• Exercise objective
Using the data below, set down every line from the one containing "与华为技术有限公司展台上的Unitree Go2机器狗互动的参会者。" through the one containing "Girly Donna Dress", inclusive and unchanged. Pictures are to be skipped.

• Source material
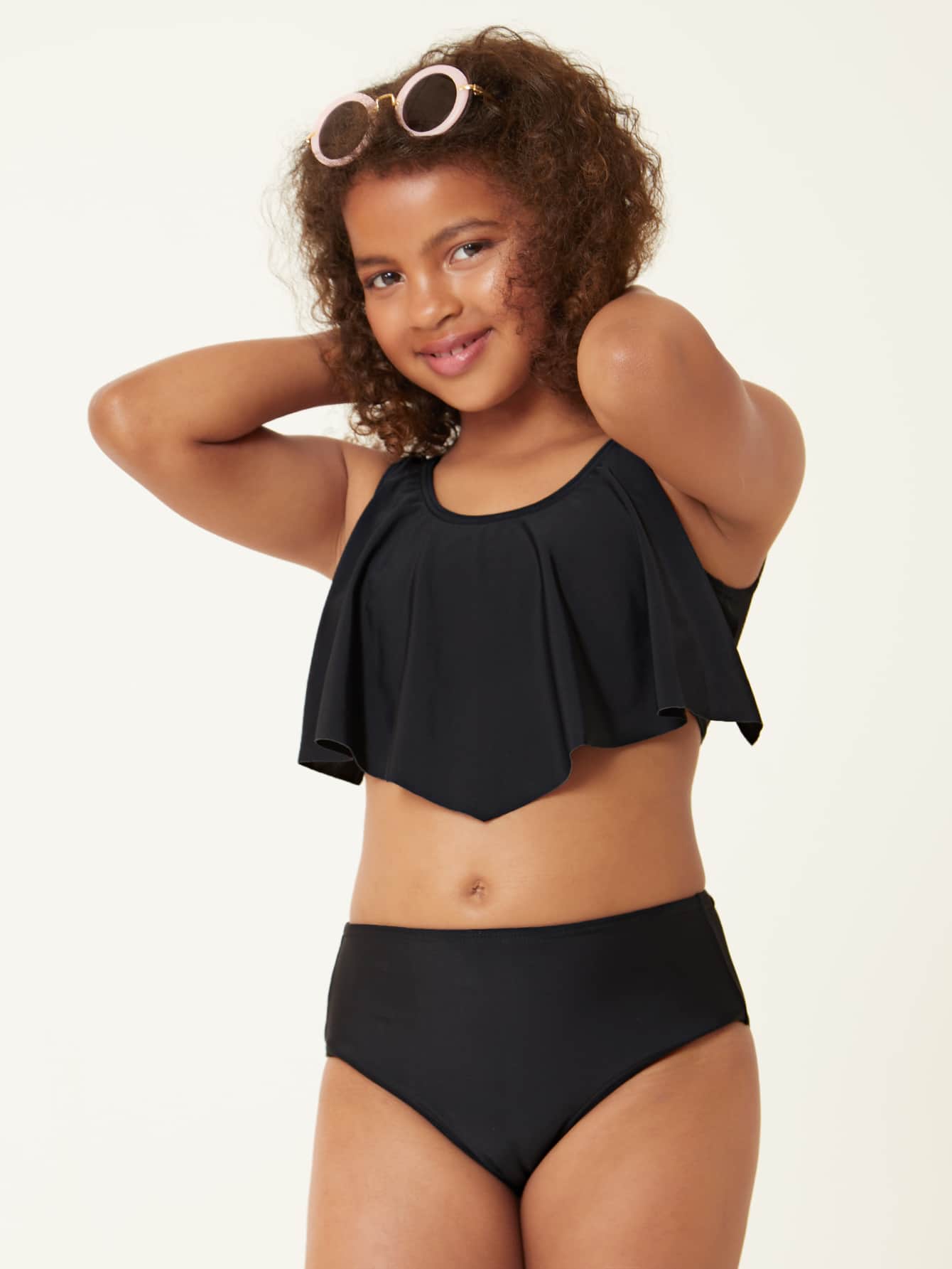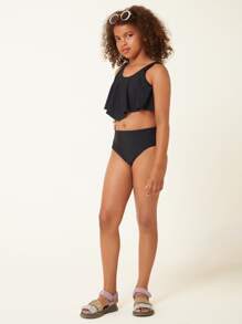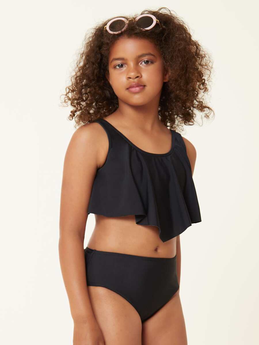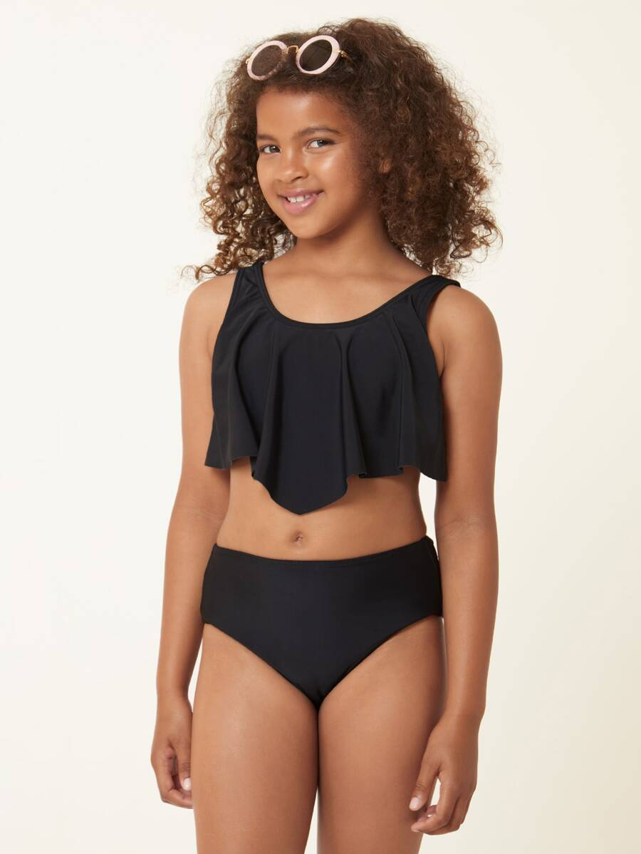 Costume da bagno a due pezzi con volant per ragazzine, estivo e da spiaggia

--

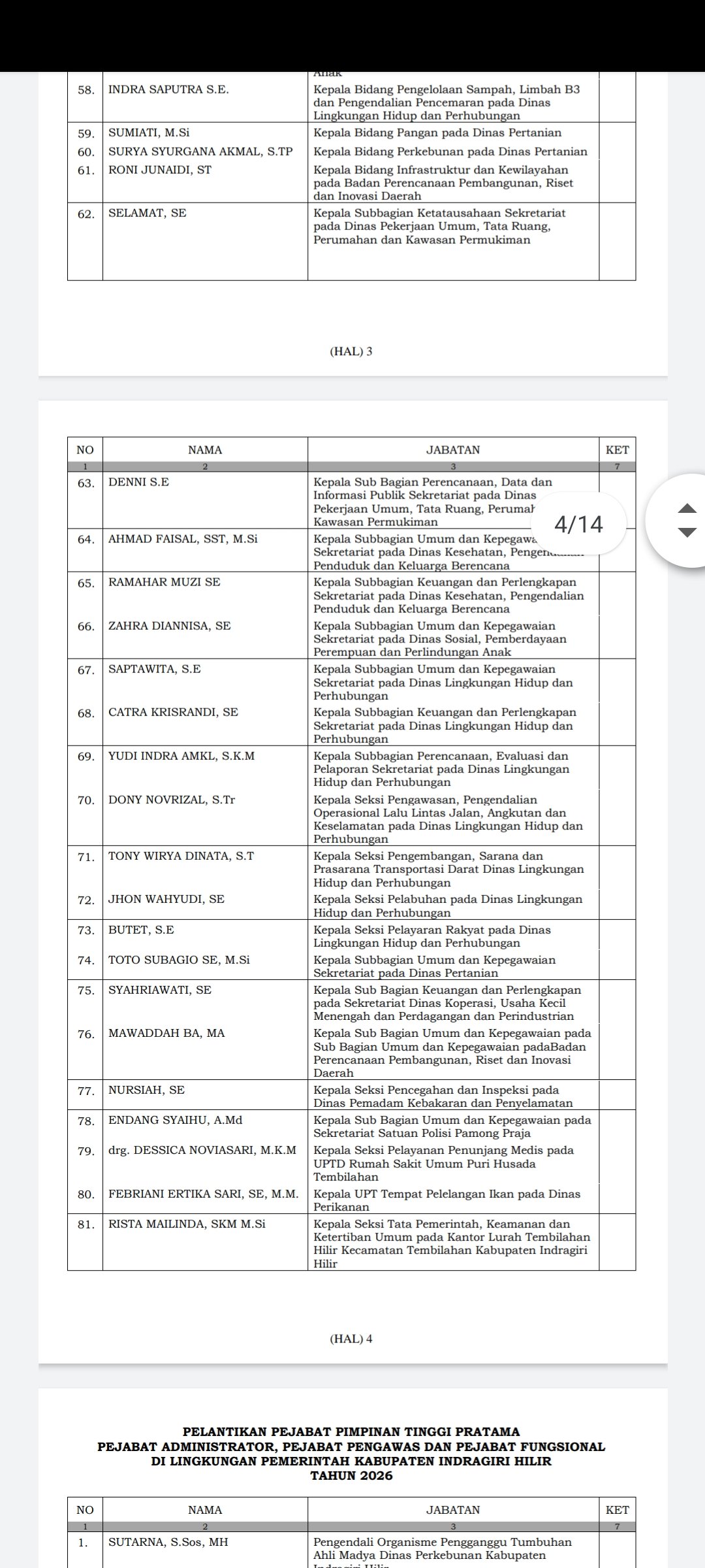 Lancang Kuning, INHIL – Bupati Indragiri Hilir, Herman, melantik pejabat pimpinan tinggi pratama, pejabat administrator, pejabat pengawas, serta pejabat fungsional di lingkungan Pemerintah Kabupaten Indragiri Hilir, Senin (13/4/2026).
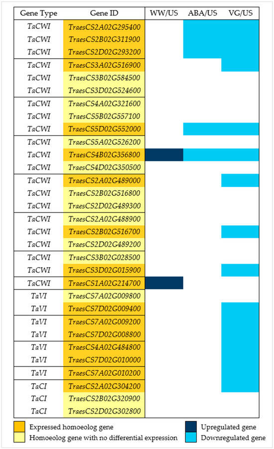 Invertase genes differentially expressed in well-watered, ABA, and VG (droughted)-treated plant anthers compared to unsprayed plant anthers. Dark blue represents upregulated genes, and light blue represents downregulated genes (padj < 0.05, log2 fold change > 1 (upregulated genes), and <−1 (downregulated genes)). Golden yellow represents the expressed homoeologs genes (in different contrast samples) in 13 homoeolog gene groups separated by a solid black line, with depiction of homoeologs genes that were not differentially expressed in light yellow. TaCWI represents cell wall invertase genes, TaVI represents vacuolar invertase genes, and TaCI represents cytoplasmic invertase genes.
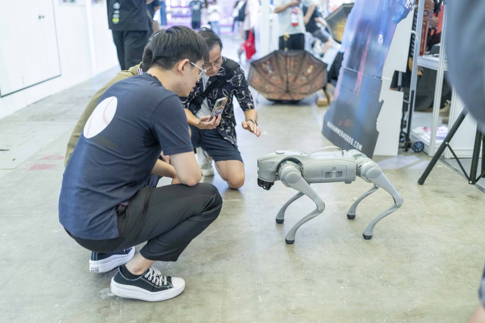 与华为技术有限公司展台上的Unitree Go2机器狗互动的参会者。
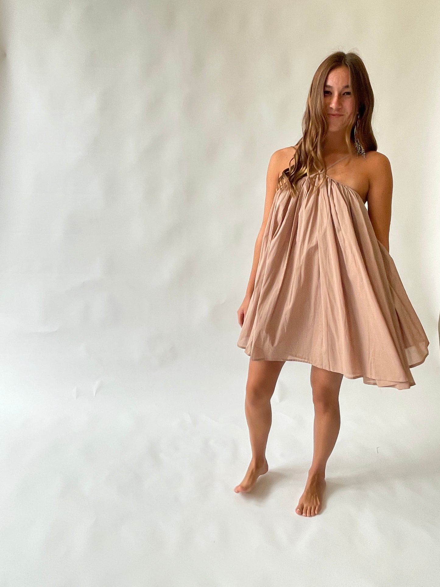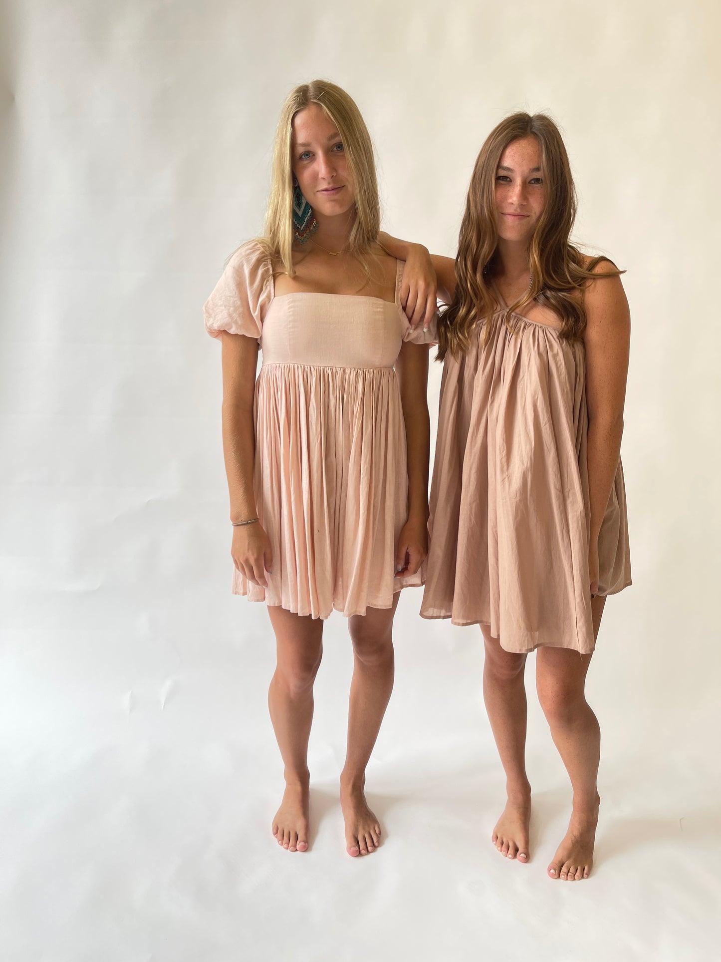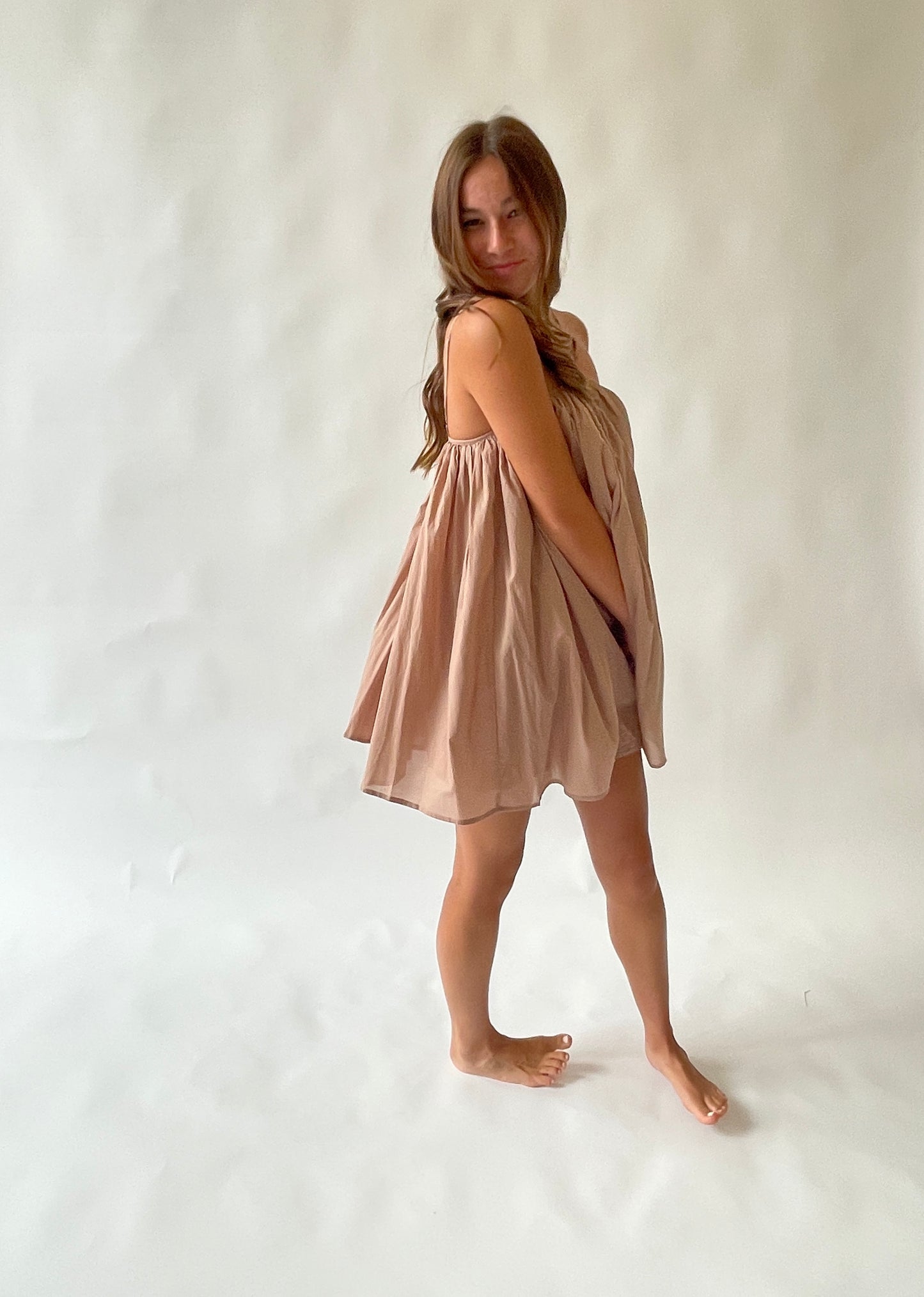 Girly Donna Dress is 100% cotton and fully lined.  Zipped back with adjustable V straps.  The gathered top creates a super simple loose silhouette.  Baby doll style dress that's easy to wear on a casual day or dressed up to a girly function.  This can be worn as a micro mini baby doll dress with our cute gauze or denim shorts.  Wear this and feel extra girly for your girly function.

• Answer to the problem
 与华为技术有限公司展台上的Unitree Go2机器狗互动的参会者。
 Girly Donna Dress is 100% cotton and fully lined.  Zipped back with adjustable V straps.  The gathered top creates a super simple loose silhouette.  Baby doll style dress that's easy to wear on a casual day or dressed up to a girly function.  This can be worn as a micro mini baby doll dress with our cute gauze or denim shorts.  Wear this and feel extra girly for your girly function.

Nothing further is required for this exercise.